`recompute_grad` does not save memory and is incompatible with graph mode
System information
- Have I written custom code (as opposed to using a stock example script provided in TensorFlow): No.
- OS Platform and Distribution (e.g., Linux Ubuntu 16.04): Linux Ubuntu 16.04 and Windows 10.
- TensorFlow installed from (source or binary): from binary (pip install)
- TensorFlow version (use command below): 2.1.0
- Python version: 3.7
- CUDA/cuDNN version: CUDA10.2+CuDNN7.6.5 (Windows), CUDA10.1+CuDNN7.6.5+TensorRT 6 (Ubuntu),
- GPU model and memory: GeForce GTX 1060 with Max-Q Design, 6GB (Windows) and GeForce GTX 1080 Ti, 12GB (Ubuntu)

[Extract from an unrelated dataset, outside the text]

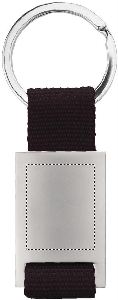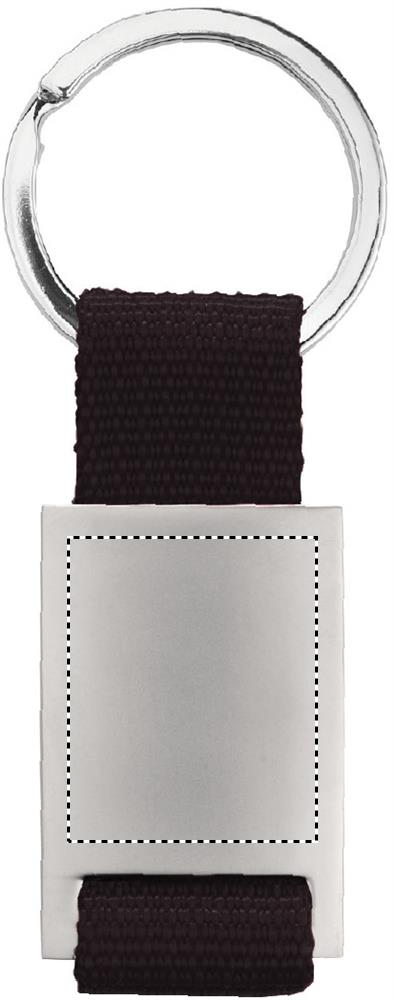 Metal rectangular key ring with coloured polyester webbing. Individually packed in a carton gift box.

Describe the current behavior
Using tf.recompute_grad to wrap keras layers does not take any effect. I build a DenseNet model and wrap each "-bn-relu-conv1x1-bn-relu-conv" block by the function. But I have not seen any GPU memory reduction on both the Windows and Ubuntu platforms. When eager mode is disabled, it throws "ValueError: Variable <tf.Variable 'batch_normalization/gamma:0' shape=(32,) dtype=float32> has None for gradient.", indicating that using compute_grad blocks the gradient backpropagation in graph mode.
Describe the expected behavior
The function seems to originate from OpenAI's gradient checkpointing (https://github.com/cybertronai/gradient-checkpointing) and is expected to save GPU memory during training. Recently, a tensorflow implementation of efficient DenseNets (https://github.com/joeyearsley/efficient_densenet_tensorflow) also uses this function to perform the gradient checkpointing (they used tf.contrib.layers.recompute_grad in tf1 graph mode, not exactly the same environment as our case.)
Please fix the incompatibility bug so that the function can still work with the graph mode. If the function is designed to perform gradient checkpointing, please verify its effectiveness. If it is not supposed to implement efficient DenseNets, please provide the correct and effective implementation.
Standalone code to reproduce the issue
import os
import tensorflow as tf
import tensorflow_datasets as tfds
from absl import app, flags
from absl.flags import FLAGS
from tensorflow import keras
flags.DEFINE_list("gpu",
default=None,
help="index of GPU")
flags.DEFINE_bool("recompute_grad",
default=False,
help="whether to recompute gradients to save GPU RAM")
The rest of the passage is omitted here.